In the beginning, the actor's neural network with two hidden layers (each with 100 neurons) is initialised. The output of the actor is a gaussian distribution with a mean $\mu$ and a standard deviation $\sigma$. Initially, $\sigma$ is quite big, which leads to actions being further away from the mean to guarantee an exploration of the whole action range. The softplus activation function guarantees the range $[0,1]$ for $\sigma$. The selection of the tanh activation function for $\mu$ is examined later. By performing a prediction for the current state, we get next action (voltage) for the motor. To perform the training via gradient descent, we have to define a compatabile loss function based on the gaussian output.
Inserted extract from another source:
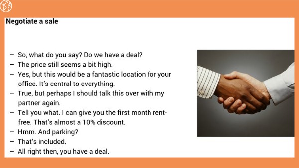 GOAL: to negotiate an agreement with a client for a service.

Due to the characteristics of the A2C-algorithm, the loss consists of the logarithmic probability density function times the value of the advantage function (provided by the critic).

class Actor:
    def __init__(self, state_dim, action_dim, action_bound, std_bound):
        self.state_dim = state_dim
        self.action_dim = action_dim
        self.action_bound = action_bound
        self.std_bound = std_bound
        self.model = self.create_model()
        self.opt = tf.keras.optimizers.Adam(actor_lr)

    def create_model(self):
        state_input = Input((self.state_dim,))
        dense_1 = Dense(100, activation='relu')(state_input)
        dense_2 = Dense(100, activation='relu')(dense_1)
        out_mu = Dense(self.action_dim, activation='tanh')(dense_2)
        std_output = Dense(self.action_dim, activation='softplus')(dense_2)
        mu_output = Lambda(lambda x: x * 1.0)(out_mu)
        return tf.keras.models.Model(state_input, [mu_output, std_output])

    def get_action(self, state):
        state = np.reshape(state, [1, self.state_dim])
        mu, std = self.model.predict(state)
        mu, std = mu[0], std[0]
        return (np.random.normal(mu, std, size=self.action_dim))

    def log_pdf(self, mu, std, actions):
        std = tf.clip_by_value(std, self.std_bound[0], self.std_bound[1])
        var = std ** 2
        log_policy_pdf = -0.5 * (actions - mu) ** 2 / \
                         var - 0.5 * tf.math.log(var * 2 * np.pi)
        return tf.reduce_sum(log_policy_pdf, 1, keepdims=True)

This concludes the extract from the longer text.